Ce matin, en la regardant bien, il la trouvait plutôt belle. Oui, assurément, il a des raisons d'être satisfait : elle figure une saucisse brune avec des craquelures sur la surface. D'ordinaire, il examine des congénères beaucoup moins plaisantes, preuves d’un grand dérèglement intérieur. Alentour du docte savant, les spectateurs admirent, s'extasient, se réjouissent également.

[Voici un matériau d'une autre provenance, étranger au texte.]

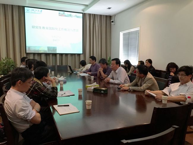 2015年5月12日下午,浙江大学工学部和信息学部相关学院研究生境外交流工作会议在研究生院241会议室召开。研究生院常务副院长王家平,研究生培养处副处长沈杰,培养处公派出国办相关老师及机械学院、能源学院、化工学院、材料学院、建工学院、海洋学院、高分子系、电气学院、航空航天学院、生仪学院、信电系、光电系、控制系及计算机学院等14个院系分管研究生国际交流工作的学院领导和研究生科科长参加了会议。会议由沈杰副处长主持。

— Eh bien Fagon, qu’en pense-t-on, ce matin ?
Le Roi-Soleil, assis sur la chaise d’affaires, tandis que le barbier besogne sur sa noble face, ne daigne même pas jeter un regard vers son médecin ordinaire, agenouillé sous le siège. Il a lancé cette question par habitude, à la cantonade, en réprimant un rictus de souffrance. Car le monarque n'est plus qu'un corps supplicié, perclus de douleurs.
Le guérisseur, le nez presque dans le bourdalou, se redresse un peu, se rengorge et, le visage radieux, déclare, en montrant l'objet à l’assemblée :
— Sire, ce matin, votre selle est divine ! Que son altesse en soit félicitée ! Eussé-je la langue coupée, je ne pourrais celer que votre étron est d’une fort belle moulure, d’une charmante couleur et d’un délicat parfum ! Ce sont les prodromes d’une guérison ! Il faut que vous le sachiez, votre Majesté !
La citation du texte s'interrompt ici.